Пьер лезет за бумажником, достает пожелтевшую черно-белую фотографию. На ялтинском пляже мужчина в длинных плавках держит на руках девушку в полосатом купальнике.
– Это тридцать первый год, он тут еще молодой…
Устюгов, едва глянув на фото, отворачивается и молча жует. Наконец роняет:
– Он и есть, гад… Самый граф.
Пьер растерянно смотрит на Успенского. Тот, помедлив, осторожно спрашивает:
– Почему “гад”?
– Они в побег ушли.
Его крестьянская физиономия с рязанским курносым носом и оттопыренными ушами не выражает ничего, кроме крайней усталости и равнодушия, кажется, он сейчас заснет.

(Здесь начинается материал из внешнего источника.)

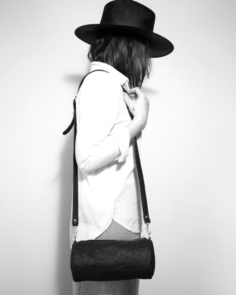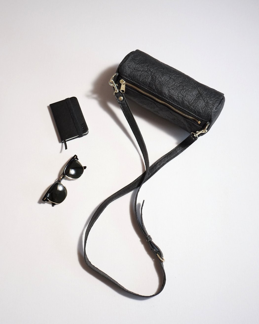 Felix est un joli sac cylindrique équitable noir fait en Piñatex. Il se ferme par un zip et possède une anse réglable en textile végétal. Il est fabriqué artisanalement en Allemagne.
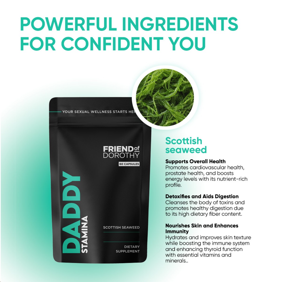 Die Kapseln sind vollgepackt mit den Superkräften von Meeresalgen – ein echtes Wundermittel der Natur. Sie pusht dein Herz, schützt deine Prostata, entgiftet deinen Körper, sorgt für bessere Haut, stabilisiert deine Verdauung und gibt deinem Hormonhaushalt den nötigen Kick. Klingt viel? Ist es auch. Aber genau das macht den Unterschied zwischen müde und Daddy-Modus. Einfach täglich zwei Kapseln vor einer Mahlzeit.

– Они ушли, а мы-то осталися. Хлебать по полной… Псарня озверела…
– Псарня?
– Конвой… Только пайку прибавили. Сорок второй год, война кругом, мы теперя не враги, а надёжа родины. А тута серпом – тринадцать зэков к зеленому прокурору ушли…
Он замолкает, жует, уставясь в пол. Успенский не выдерживает:
– И чего?
Устюгов поднимает колючий ненавидящий взгляд:
– Режимом душить стали, падлы… Три дня не кормили, а после пайку еще убавили – трехсотка, совсем сосаловка…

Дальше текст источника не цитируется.